These funds employ diverse strategies and provide exposure to alternative income-bearing assets, such as real estate investment trusts, or REITs, preferred shares, high-yield corporate bonds, covered calls and more. Notably, many of these funds offer annualized yields of 5% and above, with some even making monthly payouts.

“Another key benefit of income ETFs compared to selecting a few individual companies is diversification, as they invest in a basket of income-generating assets that can help to mitigate risk and provide a more stable income stream,” says Rohan Reddy, director of research at Global X ETFs.

By diversifying into these high-yield ETFs, investors have an opportunity to secure a more robust income stream, providing a viable way to meet or exceed the 4% rule while potentially also enjoying some moderate capital appreciation.

Here are seven high-yield ETFs to buy in 2023 for income:

ETF Dividend yield (trailing 12 months) Expense ratio
iShares Preferred and Income Securities ETF (ticker: PFF) 6.8% 0.46%
Global X Nasdaq 100 Covered Call ETF (QYLD) 12.4% 0.6%
Global X S&P 500 Covered Call ETF (XYLD) 11.7% 0.6%
Global X Russell 2000 Covered Call ETF (RYLD) 13.5% 0.6%
JPMorgan Equity Premium Income ETF (JEPI) 10.2% 0.35%
Amplify CWP Enhanced Dividend Income ETF (DIVO) 3.7% 0.55%
Invesco S&P 500 High Dividend Low Volatility ETF (SPHD) 4.3% 0.3%

iShares Preferred and Income Securities ETF (PFF)
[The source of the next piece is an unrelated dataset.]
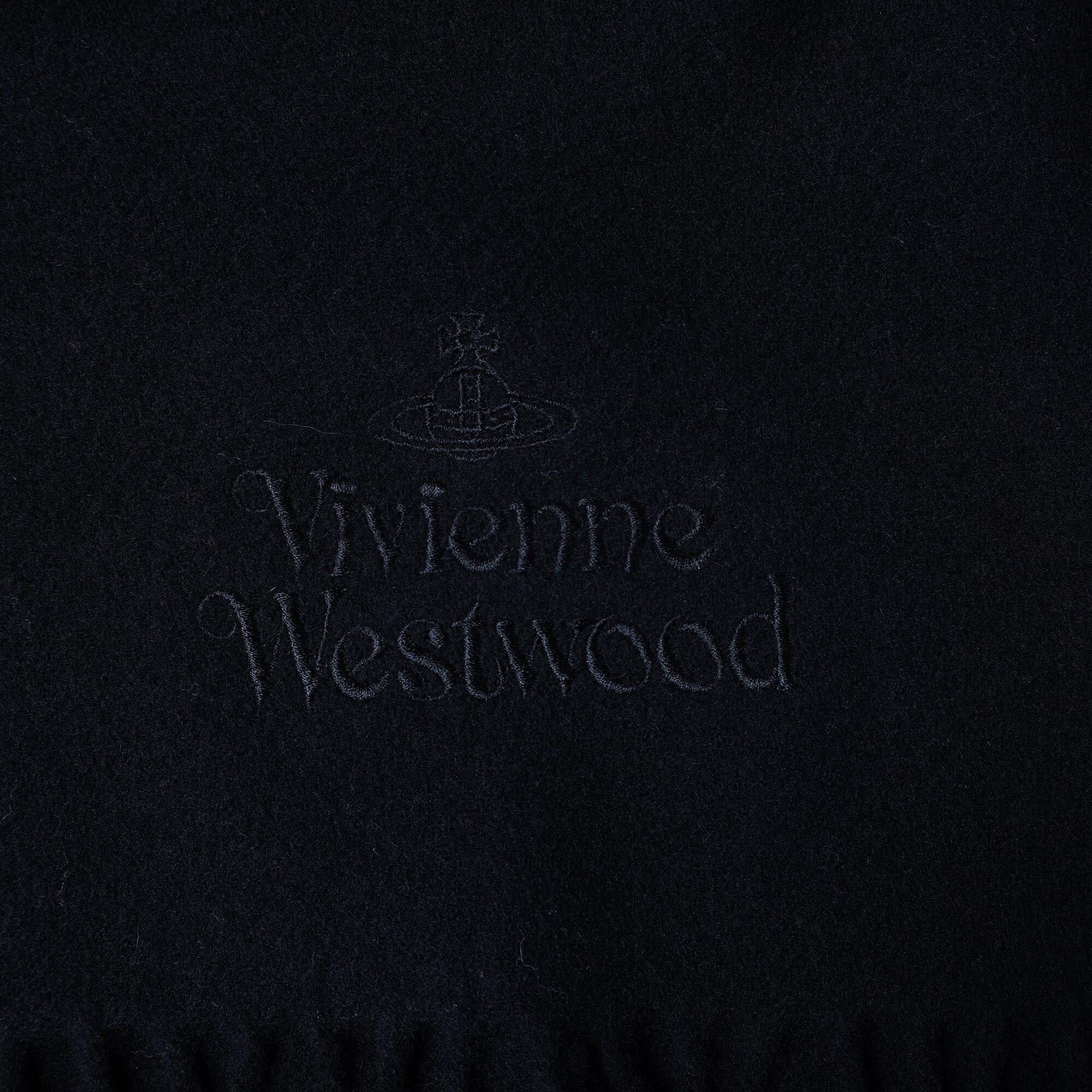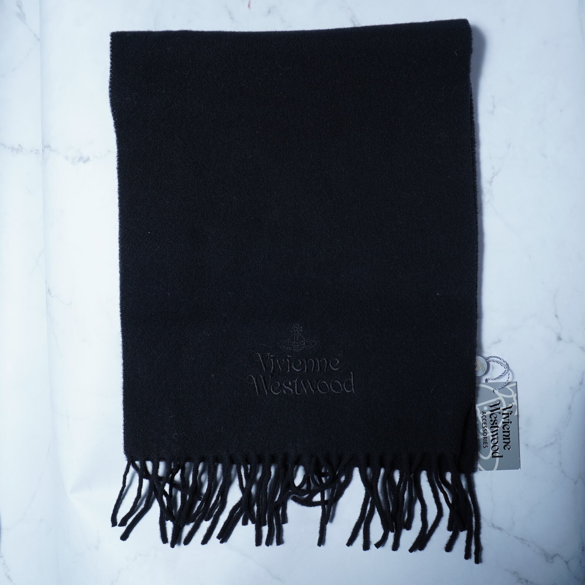 【Vivienne Westwood】ヴィヴィアンウエストウッド ”タグ付・極美品””オーブロゴ刺繍”WOOL100%フリンジマフラー black

“Preferred shares are an interesting ‘hybrid strategy’ — they sort of act like debt, but also move like equities,” says Derek Horstmeyer, professor of finance at the George Mason University School of Business. “If you want an income-generating asset class that has more risk than bonds but less risk than equities, they might appeal to you.”

PFF is a popular preferred shares ETF with over $12.7 billion in assets under management, or AUM. By tracking the ICE Exchange-Listed Preferred & Hybrid Securities Index, the ETF holds around 460 preferred share issues, mostly from financial institutions averaging a 12-month-trailing yield of 6.8% as of July 31. The ETF charges a 0.46% expense ratio.

Global X Nasdaq 100 Covered Call ETF (QYLD)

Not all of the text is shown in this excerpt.